Naqueles anos, Carlitos fazia amizade com todos os tipos de gaúchos, malevos, compadritos e personagens diversos que mais tarde povoariam as letras de seus tangos, como por exemplo “El pardo Augusto”, “El Cordobés”, “El Morocho Aldao” e “El Noy “, entre outros.

Eduardo Morera em entrevista à televisão disse: “Os críticos e os tangueros falam muito sobre suas condições artísticas (as de Gardel), mas pouco é o que dizem sobre sua qualidade humana . Como tive a sorte de ter um contato pessoal com ele por muito tempo, pude entender e captar parte de sua psicologia: Carlitos não tolerava as características típicas do ambiente do cantor como a inveja, o ciúme e a competição do ambiente em que trabalhava. . Esses defeitos não existiam nele. Sua amplitude era tão grande que ele gravou algumas canções de péssima qualidade só para fazer um favor a um amigo letrista que ‘estava errado’. Nunca foi um ‘esnobe’ ”.

Foi em 1911 que Gardel adotou novos idiomas, costumes e paradigmas de vida e incorporou uma gíria recém-nascida que mais tarde conheceríamos como lunfardo . Aos poucos, essa nova cultura foi determinando uma nova identidade, diferente daquela dos países de origem.

O encontro, em busca de uma identidade

O "Duo": Carlos Gardel com José Razzano.O “Duo”: Carlos Gardel com José Razzano.

Seu encontro com José Razzano foi numa noite de 1911 na casa da pianista Gigena, na rua Guardia Vieja, atrás do Mercado de Abasto. Esse foi o fato fundamental para o seu triunfo definitivo porque depois desse encontro, anos depois, nasceu a dupla Gardel-Razzano, cujo boom começou em dezembro de 1913 no Armenonville, um dos cabarés mais luxuosos de Buenos Aires. De lá para o teatro e do teatro para passeios pelo país.

Em 1917 , antes de apresentá-lo publicamente, Carlitos cantou entre amigos e familiares os versos de tango que diziam: “Percanta que me amuraste” – posteriormente denominada definitivamente “Mi noche triste” e anteriormente “Lita” (instrumental) -. É que ele tinha fé nos versos de Pascual Contursi que Samuel Castriota musicou. Uma nova tecnologia estava se desenvolvendo: o álbum permitiria que as pessoas tivessem Gardel em casa.

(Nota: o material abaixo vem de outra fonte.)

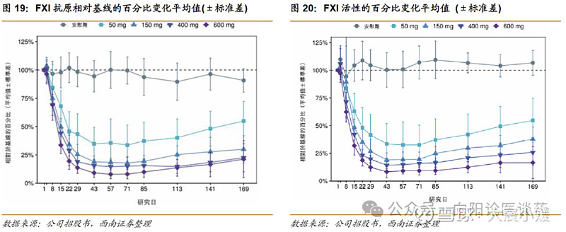 RBD4059 显示广泛的 FXI 抑制水平,可满足各种血栓栓塞适应症可能需要的疗效阈值。在 1 期临床试验中,RBD4059 显示出强劲疗效:50mg、150mg、400mg 及 600mg 队列中,FXI 活性相对于基线的平均最大百分比降幅分别为 67.5%、81.0%、85.8%及 91.6%,药效可持续至试验终点的第 169 天。

Em 9 de abril daquele ano, iniciou sua série discográfica no Odeón e gravou nos antigos estúdios da Rua Cangallo, quase Callao, junto com seu inseparável companheiro José Razzano. Já eram conhecidos como Duo Gardel-Razzano e foram impostos nas viagens pelo interior do país. A Argentina era uma terra de oportunidades, Gardel sentiu e sabia que estava fazendo parte de uma mudança.

Em nota feita em Madri em 1º de janeiro de 1929, Gardel dizia: “O tango-canção é quase recente. É claramente de Buenos Aires – isto é, de Buenos Aires – e quem, senão eu, seria o primeiro a cantá-lo? “

“Você é o primeiro?” Quantos anos você tem então?

“Eu, meu amigo, não sou tão jovem … Bah!” Tampouco tão velho … Tenho mais de dez anos e não cheguei aos oitenta … Que esperança! … Sou, sim, o criador do tango, dessa canção que tanto apaixona a minha terra e que aqui tanto gosta. Meu sucesso e minha popularidade trouxeram milhares de novos cantores. Mas “compadre”, eu sou um ponto alto de matar e não me rendo, assim mesmo. O que diria minha velha, minha mãe, se matassem “o ponto” aos “Carlitos dela”! Não, não! É uma questão de amor-próprio, sabe? Primeiro eu, enquanto posso, e mesmo que não possa mais, sempre sobraria o que cantar para aquela velhinha que está aí, em Buenos Aires …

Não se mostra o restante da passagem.